WealthTV has already upgraded all of its eight edit bays to 3D and plans to add two more soon. According to Senior Editor Allen Randolph, they all use Apple's Final Cut Pro NLE software on 8-core Macintosh platforms augmented by the complete CS5 suite from Adobe Systems and Cineform's Neo3D to help with 3D editing and mastering.
Chris Schickendanz (right), 3D stereographer for WealthTV, shooting Hearst Castle with a beam splitter 3D rig "Neo3D lets us edit one eye only as we are accustomed to in 2D, and then go back to deal with 3D-specific matters such as convergence on the 40-inch Samsung 7000 model active 3D sets we have put in all the edit bays," Randolph said. "That ensures that the editor is viewing the same image display that the consumer will see. Then we also use Stereo3D Toolbox's alpha file support to properly position lower third graphics in 3D space."

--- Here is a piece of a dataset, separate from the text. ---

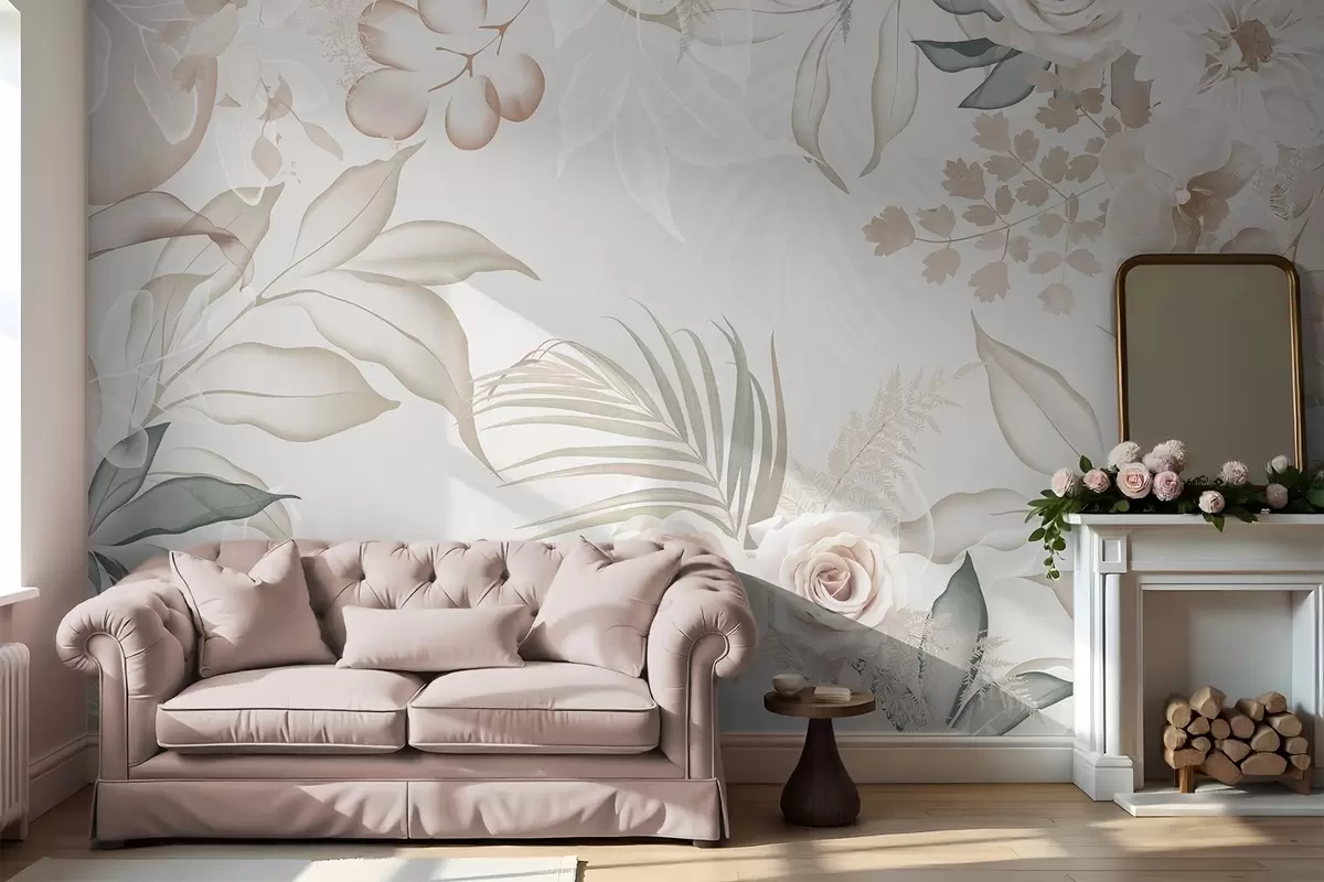 Fotobehang Bloemstuk met textuur, bestaande uit rozen, orchideeën, eucalyptus en palmbladeren in pastelkleuren, op een beige achtergrond N° w09393

Randolph's editors output their masters in side-by-side 1080i HD to Sony HDCAM tape for air. "It actually has turned out to be simpler than I had anticipated," he said, "and we have the confidence that Neo3D will let us convert our shows to any other format the future may require. Some day we hope that will include the full 1080p sequential frame format as bandwidth becomes available."
Fulfilling a 24/7 3D broadcast schedule is going to be daunting, but WealthTV has decided not to invoke the 2D to 3D conversion technologies starting to come on the market.
"The automatic conversion systems we've tested are just not up the 3D quality we want to provide our viewers," Charles Herring said, "and the more labor-intensive rotoscoping processes are simply not cost effective. So we are going to be relying on original 3D productions to fill our broadcast schedule for the foreseeable future."
The question remains, however, will 3DTV will ever become a mainstream medium?
"We are convinced that if we can offer our customers a better, more realistic viewing experience, that technology will be successful," said Charles Herring. "The question that remains to be seen is if 3D can deliver that goal without any limitation. If it does, 24/7 3D broadcasting is going to take off in a very big way."